I run up and down our stairs at a good clip multiple times a day - up for socks, down with laundry, up for a toy that he cannot find, down with diapers that she needs.  I add weights to that routine at least 50% of the time: up with Rosie to rock her to sleep, down in a Spiderman-like fashion avoiding the creaky stair spots so that she doesn't awaken.

I eat not when my cues tell me I am hungry, but when I realize that I have morphed into a crazy mom because I am starving.  It is 11:00 in the morning and I have not had breakfast yet.  I have been up since at least 7 AM and I have fed another human being twice without any nourishment for myself.  I gobble a breakfast over the sink.  Or, I sit down to eat civilly, only to be asked by the beggars that are my children for bites of my food.  I share.  Of course, I share; I am a mother.

I walk to pick Charlie up from preschool where he tells me to "run so fast that the wind blows my hair" for the walk home.  I oblige as best as I can, panting for breath and puffing out responses to his questions in between strides.  Sometimes, I ride him home in the Burley attached to my bike; I pull the forty-plus pounds of kids like I am competing in the Strongest Woman in the World competition.  But, alas, I am not.

I am a mom.
Trying to stay fit.
Having to stay fit just to partake in my normal life.

Why I am not a Size 2 I will never understand.



Charlie and I walked to the library the other night.  He conned me into going without bringing the stroller.  He was superb with his persuasion, "Mom, I am three now.  Look at my fingers: one, two, three.  I don't need a stroller."

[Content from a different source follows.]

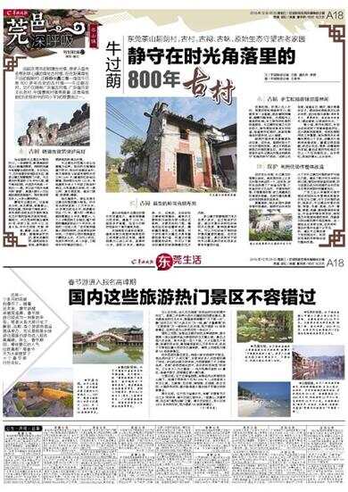 图/羊城晚报记者 王俊伟 说起东莞市的明清古村落,很多人首先会想到茶山镇的南社古村落,但在距离南社不远的超朗村,还静静地矗立着一座迄今已有800多年历史的古村落——牛过蓢古村。它不仅拥有广东省古村落、广东省历史文化名村、中国景观村落等美誉,还是电视剧《历史转折中的邓小平》的取景地之一。 壹 古村 明清古建筑保护完好 站在超朗牛过蓢古村落的村口,一条被野花、野草掩映的泥土小路横在眼前,两侧的池塘半包围着古老的村落。冬日阳光下,古村老屋安详地卧在水边。据茶山镇文物管理部门介绍,牛过蓢古村落面积0.76平方公里,建于南宋时期,村民历代均是一个姓氏——麦,所以这个地方也被叫做“麦屋”。麦屋大部分人已出港经商或旅居海外,现村里有两百多人,大多从事种养业。 静观牛过蓢古村,它呈梳式分布,坐北朝南,背靠青山,前临池塘,茂林修竹掩映其中。其优美的自然生态尽显岭南生态古村落的独特风格和神韵。据统计,村内现有明清古建筑80间、宗祠3座、古井4口、古巷6条,村中古民居、书屋、祠堂、碉楼、古庙、古井、里巷、围墙等保护完好,更有完善的明、暗两级排水系统,是明清时期典型的岭南古村落。 牛过蓢古村范围大体以古围墙为边界,现存的古围墙始建于明末,将古村包围在其中,其中南侧至今保留有南明永历三年(1649年)建造的红砂岩古围墙,现存部分长约133米。传统建筑中有6个市级文物保护单位,分别是麦氏宗祠、仪一麦公祠、麦日桃故居、接龙门更楼、西更楼、碉楼。 除古建筑外,原生态是牛过蓢古村落的最大特色。村中有古树林面积1.2万平方米,40多棵古树名木中,树龄最长的达770年。最大的一棵高山榕树腰围达8米多,需要六、七个人才能把树干合抱住,整个树荫的覆盖面积近六十平方米。当地的一位老人说:“在村里种植高大茂密的树种,古来便有这种传统,一方面可以把村落掩盖在宁静的乡土中,不为外人所见,免受外界打扰;另一方面,又能将村中环境进行美化。” 贰 古祠 典型的岭南合院布局 麦氏宗祠是牛过蓢古村落中历史最悠久、建筑规模最大的宗祠,建造于1316年,虽经多次修葺,但至今仍较好地保存了清末建筑风格。 羊城晚报记者走访看到,建筑形制为我国岭南典型的三间两廊合院式布局,建筑规模为三进三开间,面阔约10米,进深20多米。建筑由砖、木、石构成,主体材料为青砖砌筑墙体,建筑内主要构架为抬梁与穿斗混合式结构,主要支柱和门框、墙角均由红砂岩雕琢而成。檐板雕花精美,工艺精湛,对于研究清代木雕艺术具有重要的参考价值。而通过对墙体壁画的研究,则可以了解当时建筑的审美情趣和艺术风格。 茶山镇文物管理部门有关负责人表示,在文物保护方面,通过对麦氏宗祠红砂岩的风化程度、影响因素等研究,可以为红砂岩文物的保护提供重要的基础。在历史价值方面,麦氏宗祠对于研究牛过蓢氏族历史和民系迁移有丰富的价值。 叁 古味 手工松糕香味弥漫林间 说起松糕,东莞人无人不知,刚蒸好的松糕香软可口,略微带有一点黏感,散发着阵阵糯香,越嚼则越有味。比起超市上售卖的松糕,手工制作的松糕则味道更佳。牛过蓢的松糕文化历史悠久,制作原始而具有乡村味道,每逢制作松糕时,其香味飘逸在村里林间,让人垂涎。 超朗村宣传委员麦惠棠告诉记者,近年来,超朗村致力于对古村落的发展,通过不同活动展现古村落的原生态,其中就包括每年在牛过蓢古村落古树群举行“松糕风味节”活动。“在茶山风俗里,每逢生日、满月、嫁女等喜庆日子,都会送松糕给亲友以表示庆贺。因为松糕与承高(指快高长大、事事顺利、越来越好的意思)接近谐音,以取其好兆头。” 据介绍,制作松糕时,村民会在林间树下用青砖搭起炉灶,在大锅里架起蒸架。传统松糕制作的工序繁复,首先得用井水将糯米浸泡三个日夜,在糯米干透前将其舂成粉,重复过筛至细腻,然后以花生、草果、砂糖等制作成馅,最后在蒸好的松糕正中印上一个红色梅花点,白中带红,取其好意头,以示吉利。 肆 保护 利用优势作整体改造 在历史长河里,牛过蓢古村落得以保存,是东莞历史上众多古村落中幸运的一个。近年来,该村先后获得了广东省古村落、广东省历史文化名村、中国传统村落、中国景观村落、珠三角最美古村等诸多美誉,也吸引着无数慕名而来的游客流连其间。 麦惠棠称,结合东莞市美丽幸福村居建设,超朗村近年来加大了对牛过蓢古村落的保护与活化力度,建设了数万平方米的古树公园,增加休闲绿道和座椅,如今这里已成为村民缅怀古村历史及日常休闲娱乐的重要去处。 广东工业大学建筑与城市规划学院院长朱雪梅此前曾多次来过牛过蓢,对于古村落的保护,她表示,牛过蓢古村落内民居、祠堂、书屋、里巷、古井、围墙、更楼、池塘、榕树群等样样皆全,并且保护得非常完好,特别是古村落里相接的树林、茂盛参天的古榕和翠竹相互掩映。这一原始生态非常壮观,在所有岭南古村落中也是十分罕见的。建议牛过蓢在接下来的规划中,利用好自身的优势特点进行整体改造。

We made it there easily.  It was great to walk side by side, turning to look at the same things at the same time without fingers directing eyes.  But that picture above was taken on the walk home.  I walked at least five blocks with a bag of books and a not one, not two, but three-year-old on my back who provided no assistance as you can see by the fact that he is looking up at the sky.  He didn't hug my neck and support himself.  I used my core, my quads and my triceps to lug the bag of bones that my body produced all the way home.  

And I came home the same size as I have always been.